-------- Entries provided

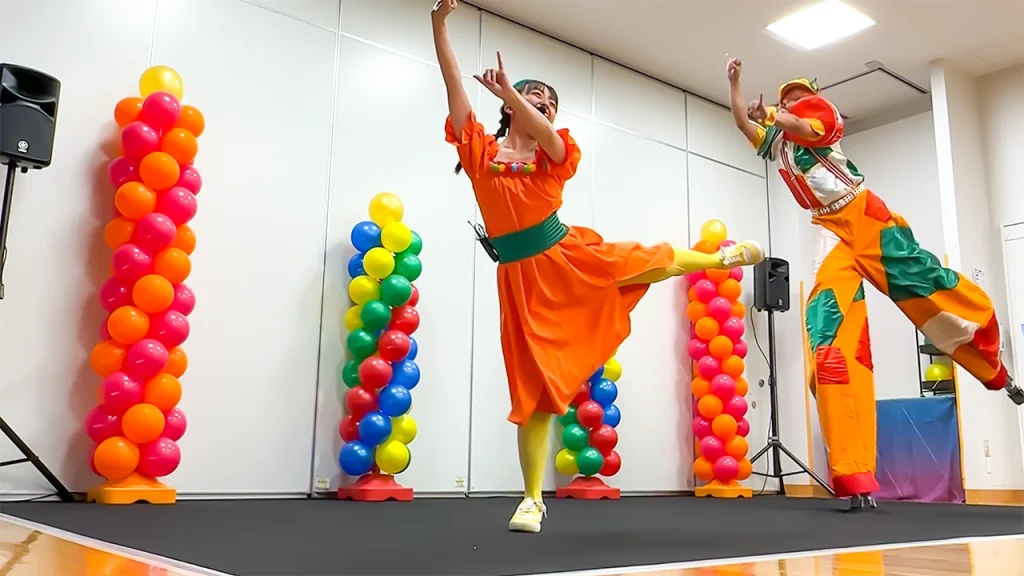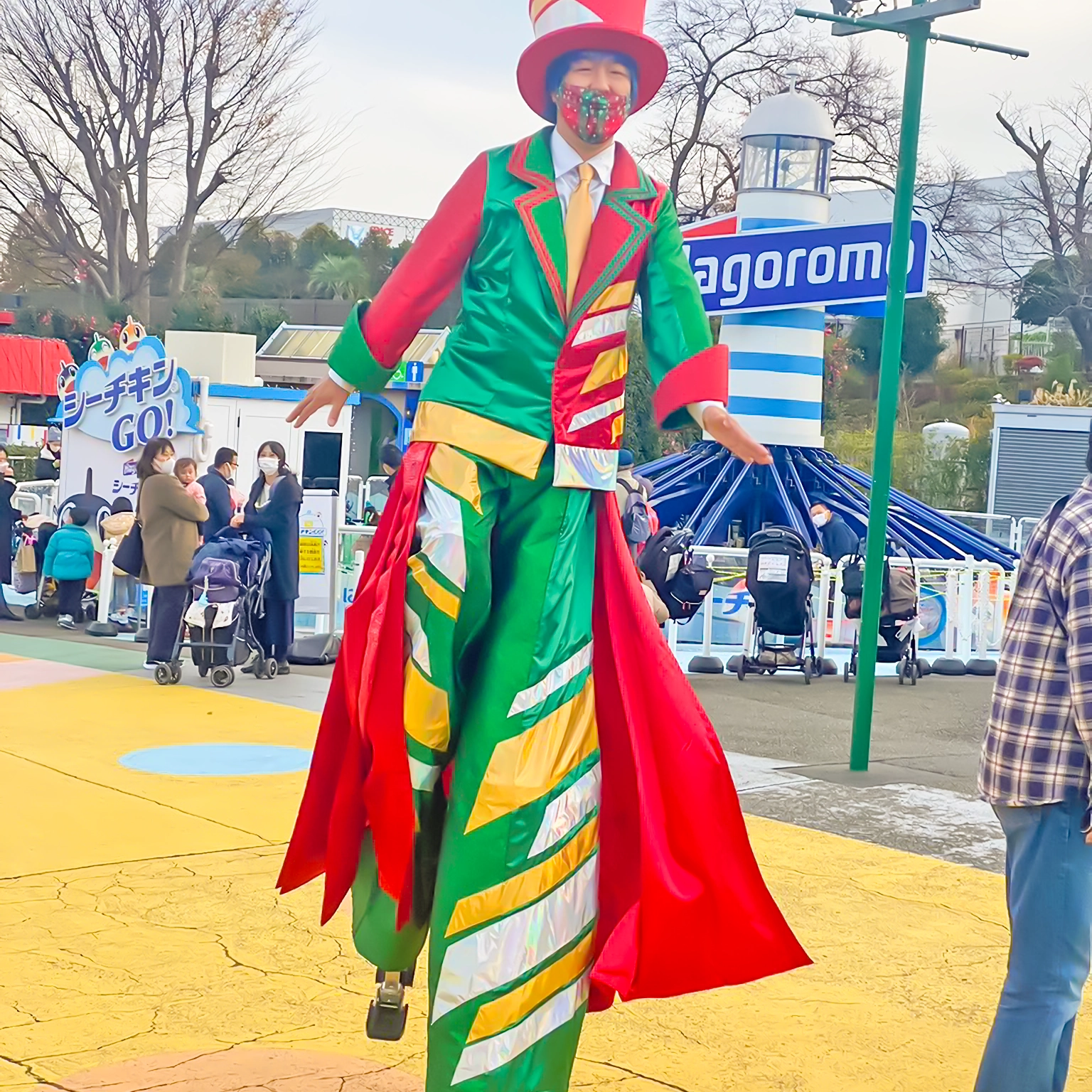 「安心して楽しんでもらう」を何より大切にし、そのために徹底してスティルト技術を磨いてきた。 その積み重ねにより、他のパフォーマーでは実現できない環境でのグリーティングや、ダンス・縄跳びなどといった表現まで可能。 培った技術が安心感を生み、常に安全なパフォーマンスを提供している。
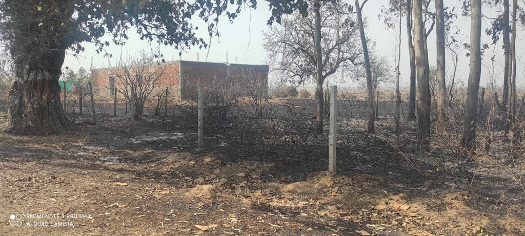 अज्ञात कारणों से लगी आग के कारण कोरिया जिले के सोनहत विकासखंड के घुघरा ग्राम पंचायत में स्थित उद्यान विभाग घुघरा नर्सरी एवं कोरिया वनमंडल के देवगढ़ वनपरिक्षेत्र के बीट कटगोड़ी के कक्ष क्रमांक 416 में व्यापक नुकसान होने की बात सामने आ रही है । इस दौरान जहां उद्यान विभाग नर्सरी के प्रभारी ने बताया कि नर्सरी में लगेे आम अमरूद एवं आंवले के लगभग 750 पौधे जलकर खाक हो गए। जोकि लगभग 2 हेक्टेयर में लगे हुए थे। वहीं पर दूसरी ओर वन विभाग 5 हेक्टयर में लगी नीलगिरी के प्लांटेशन में आग ने जिस तरीके से क्षति पहुंचाई है।
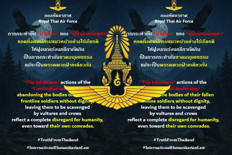 The Royal Thai Armed Forces strongly condemn the Cambodian authorities for abandoning the bodies of their fallen soldiers on the battlefield. Such an inhumane act constitutes a grave violation of international law. Those who have fallen in combat deserve to be treated with honor and dignity — not left to decay in the open. Their families are forced to endure profound sorrow, having been denied even the final opportunity to say farewell.
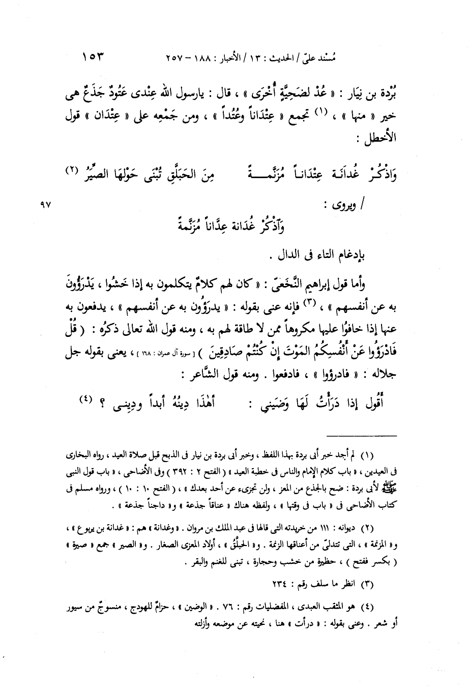 بُرْدَةَ بْنِ نِيَارٍ: «عُدْ لِضَحِيَّةٍ أُخْرَى» , قَالَ: يَا رَسُولَ اللَّهِ عِنْدِي عَتُودٌ جَذَعٌ هِيَ خَيْرٌ مِنْهَا، تُجْمَعُ عِتْدَانًا، وَعُتُدًا، وَمِنْ جَمْعِهِ عَلَى عِتْدَانَ قَوْلُ الْأَخْطَلِ:
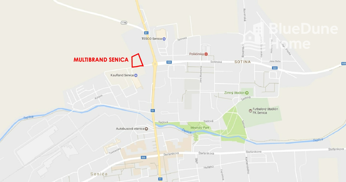 Rovinatá, mierne svahovitá trávnatá parcela sa nachádza v katastri mesta Senica na Obchodnej ulici, v blízkosti obchodného domu Kaufland, v kontakte s cestným telesom v urbanizovanom a stabilizovanom území.
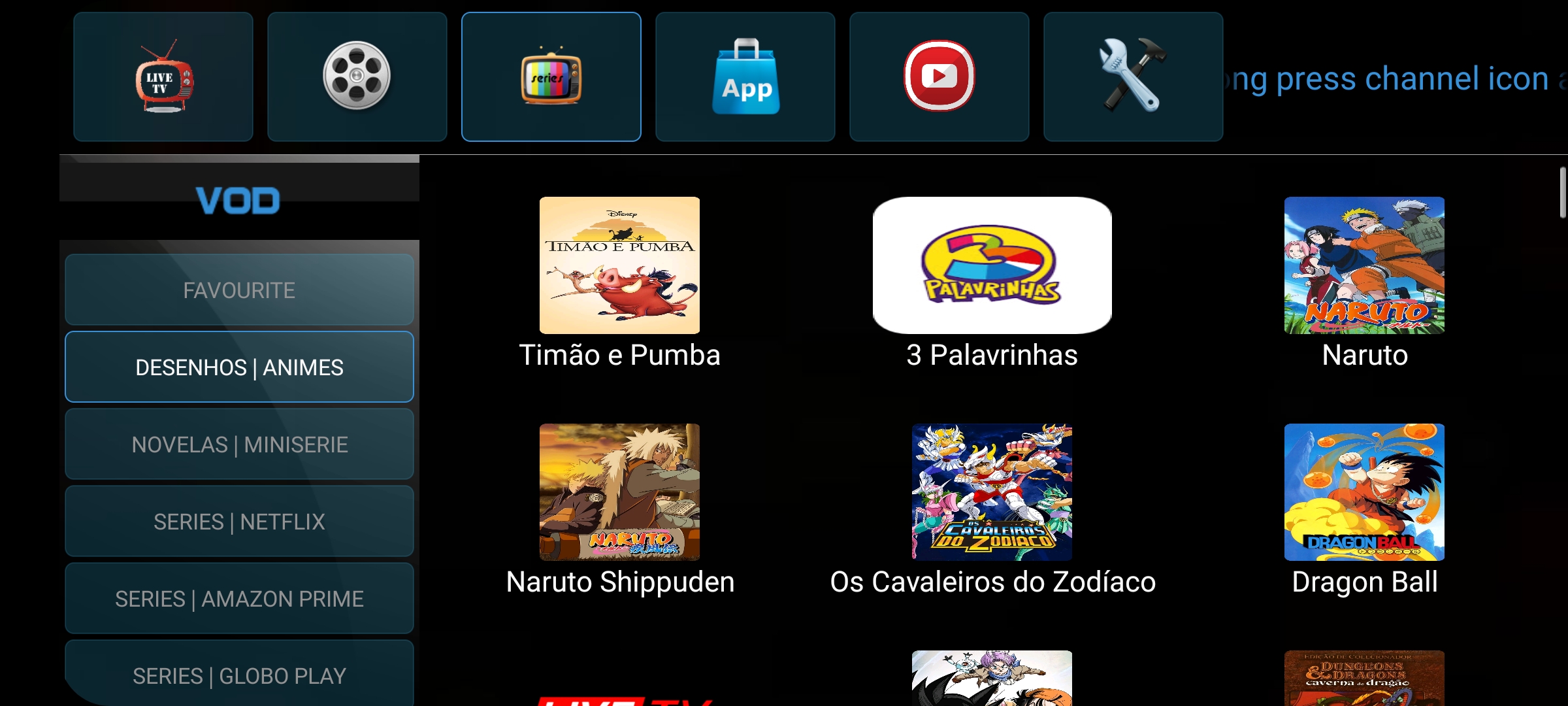 Choose any one of the above-mentioned options from the list that helps you to stream media content for free. If you want to stream live tv channels then choose the Live Tv option. For Movies choose VOD or series from the list above.

----------------

Instructions to follow: Restate each of the entries above word for word and skip every image.

Response:
 「安心して楽しんでもらう」を何より大切にし、そのために徹底してスティルト技術を磨いてきた。 その積み重ねにより、他のパフォーマーでは実現できない環境でのグリーティングや、ダンス・縄跳びなどといった表現まで可能。 培った技術が安心感を生み、常に安全なパフォーマンスを提供している。
 अज्ञात कारणों से लगी आग के कारण कोरिया जिले के सोनहत विकासखंड के घुघरा ग्राम पंचायत में स्थित उद्यान विभाग घुघरा नर्सरी एवं कोरिया वनमंडल के देवगढ़ वनपरिक्षेत्र के बीट कटगोड़ी के कक्ष क्रमांक 416 में व्यापक नुकसान होने की बात सामने आ रही है । इस दौरान जहां उद्यान विभाग नर्सरी के प्रभारी ने बताया कि नर्सरी में लगेे आम अमरूद एवं आंवले के लगभग 750 पौधे जलकर खाक हो गए। जोकि लगभग 2 हेक्टेयर में लगे हुए थे। वहीं पर दूसरी ओर वन विभाग 5 हेक्टयर में लगी नीलगिरी के प्लांटेशन में आग ने जिस तरीके से क्षति पहुंचाई है।
 The Royal Thai Armed Forces strongly condemn the Cambodian authorities for abandoning the bodies of their fallen soldiers on the battlefield. Such an inhumane act constitutes a grave violation of international law. Those who have fallen in combat deserve to be treated with honor and dignity — not left to decay in the open. Their families are forced to endure profound sorrow, having been denied even the final opportunity to say farewell.
 بُرْدَةَ بْنِ نِيَارٍ: «عُدْ لِضَحِيَّةٍ أُخْرَى» , قَالَ: يَا رَسُولَ اللَّهِ عِنْدِي عَتُودٌ جَذَعٌ هِيَ خَيْرٌ مِنْهَا، تُجْمَعُ عِتْدَانًا، وَعُتُدًا، وَمِنْ جَمْعِهِ عَلَى عِتْدَانَ قَوْلُ الْأَخْطَلِ:
 Rovinatá, mierne svahovitá trávnatá parcela sa nachádza v katastri mesta Senica na Obchodnej ulici, v blízkosti obchodného domu Kaufland, v kontakte s cestným telesom v urbanizovanom a stabilizovanom území.
 Choose any one of the above-mentioned options from the list that helps you to stream media content for free. If you want to stream live tv channels then choose the Live Tv option. For Movies choose VOD or series from the list above.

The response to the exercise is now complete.